Concordo con Luminanamenti. L’anoressia puo essere vista come anche una violenza fatta al corpo, davanti un mondo di consumo: una rivolta. La spiritualità manca, il corpo diventa il simbolo.
L’anoressica fa morire il corpo, affinché se vede l’anima. Penso che controllare il bisogno del corpo assomiglia alla spiritualità.
Il problema è che l’anoressica cerca la morte per trovare un senso alla vita. E’ una cosa orribile.
Credo che per un’anoressica, raggiungere un grupo di parole è molto importante: l’ascolto dalla parte d’altre ragazze in anoressia puo aiutare.
Volevo dire che invece, credo che la prima mestruazione è stata un dolore, un confronto violente con il sesso, l’abbandono della libertà piena.
Perché ascoltare un’anoressica?
Perché una persona che non ha vissuto l’anoressia dice:
” Bisogno mangiare!”, non capisce il rifiuto del cibo.
L’anoressica cerca amore, comprensione. Non incoraggiare l’anoressia, ma ascoltare, accettare l’opinione della persona anoressica.
Perché giudicare è mantenere l’anoressica nella prigione del corpo.
In ogni caso non lasciare una persona anoressica sola con il suo problema.
Credo sia un libro importante.

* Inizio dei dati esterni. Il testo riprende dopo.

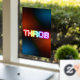 SlipperyJoe's throb rainbow-like gradient thick capitalised letters dotted texture filling blurred blue orange red hues swirls intensifying visual impact neon dreamscape ambient lighting psychedelic neon signage art gay pride gifts edgy branding LGBTQIA hypnotic design artistic charged word choice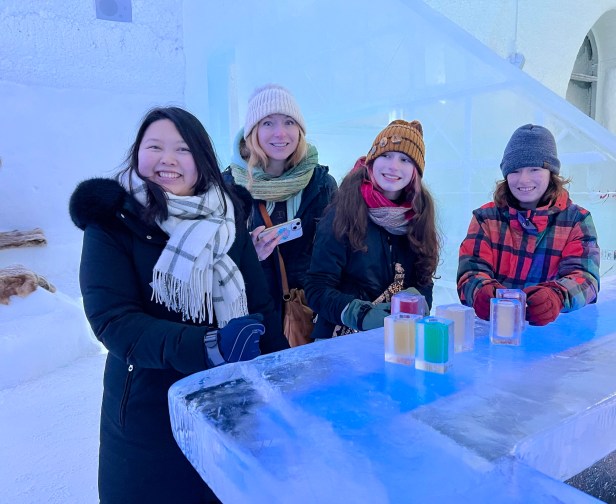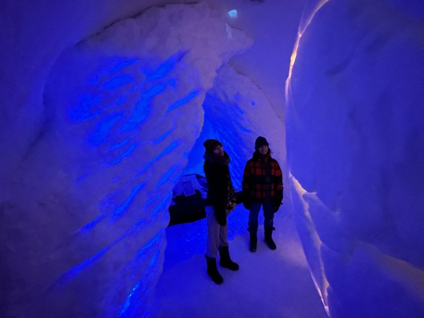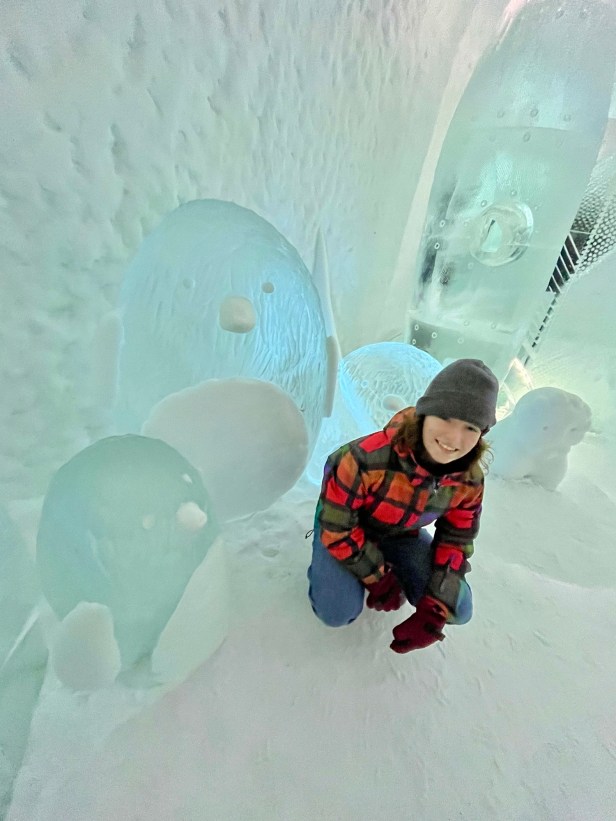 In 1989 the first ICEHOTEL was created and many people go to Jukkasjärvi during the winter to see it. To be honest, I wasn’t sure what to expect – I knew we wouldn’t be sleeping at the hotel itself (sleeping in a room made of ice on an ice slab isn’t really my thing), but what I didn’t realize is that the ICEHOTEL is really less hotel and more ice art gallery. We spent an afternoon and evening exploring all the different rooms and then trying out some frosty drinks at the ice bar. This was one of our favorite experiences, everyone loved it, and getting to see the sun set amidst this glowing art gallery was really something special.

E comunque questa presentazione è molto efficace. Chi sta come me nella scuola sa quanto il fenomeno sia diffuso, ma la mitologia di Ana mi ha lasciato di sasso. Io ne ho letto per la prima volta su “Ancora dalla parte delle bambine” della Lipperini, dove ci sono molte informazioni in proposito.
Premesso che attendo ancora il libro dalle mani dell’autore – quando mi espose il progetto per dare pagine [e voce] alle parole – che non è facile scrivere/dire fu confronto e conforto. I Disturbi del Comportamento Alimentare sono sempre esisiti [ e senza distinzioni sessuali] – fortunatamente *post phonema* sono stati *riconosciuti*, eliminando barbarie varie [elettroshock] e sia Aiuto (f)attivo anche l’Arte,
Un abbraccio
Chiara
che altro aggiungere: vedo quotidianamente ragazze e giovani donne usare il corpo come mezzo per comunicare il proprio stare al mondo. spesso l’autolesionismo è il modo per dirsi e dire che questo corrisponde allo stare male, al non saper stare, alla paura della confusione e dello smarrimento che gli provoca.
credo che fino a quando c’è un sintomo, ci sia ancora lo spazio per fare qualcosa.
con qualcosa, intendo impedire la morte, e magari ricominciare imparando a convivere con la causa.
il che, forse, assomiglia alla sopravvivenza ma del resto, come insegna lumina, il vivere moderno ha sostituito la spiritualità con il libero mercato, rendendoci tutti più liberi di scegliere quale sofferenza comprare.